Interacting with a illusion isn't "I see something, so I am interacting with it.", it require to touch it, try to converse with it or do some other action that interact with the single illusion, like striking one of the doubles created by mirror image.
"How strange, 4 copies of the same dude." don't allow you to disbelieve one or more of the images. You know that some are copies but unless you carefully study them you have no way to chose what you want to disbelieve.
And no, you don't disbelieve all the images at once with a single saving throw. You must study or interact with each one. It is possible to study all of them at the same time but there is that "carefully" clause and studying carefully four guys going in four different directions isn't easy. I would require a save for each image as a minimum, possibly even ask for a perception check.

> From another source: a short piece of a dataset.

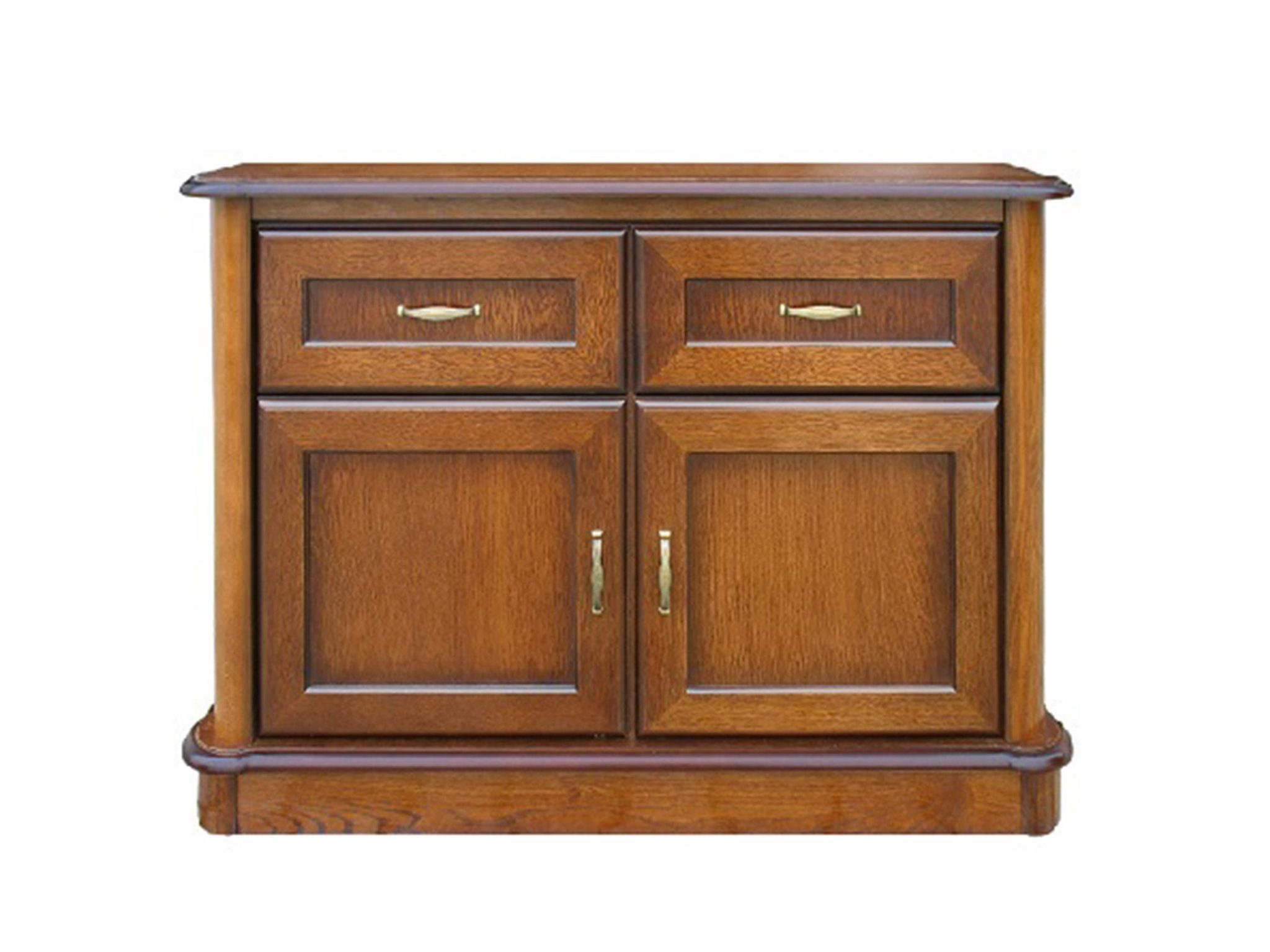 Drewniana komoda z dwiema szafkami i szufladami, styl klasyczny

Illusions are always hard to judge as sometime studying them carefully should be enough to give a bonus to the save, some other time it would be the minimum clause to get the save.
To make an example:
- an illusionary door on a real wall: a careful examination should give a bonus to noticing that it is an illusion;
- a real door covered by an illusion that make it appear as a wall: careful studying the wall is the minimum to get a chance to save.
Essentially, from my point of view, sometime a careful examination of a illusion should count as someone communicating to you that what you are studying is an illusion.
A failed saving throw indicates that a character fails to notice something is amiss. A character faced with proof that an illusion isn't real needs no saving throw. If any viewer successfully disbelieves an illusion and communicates this fact to others, each such viewer gains a saving throw with a +4 bonus.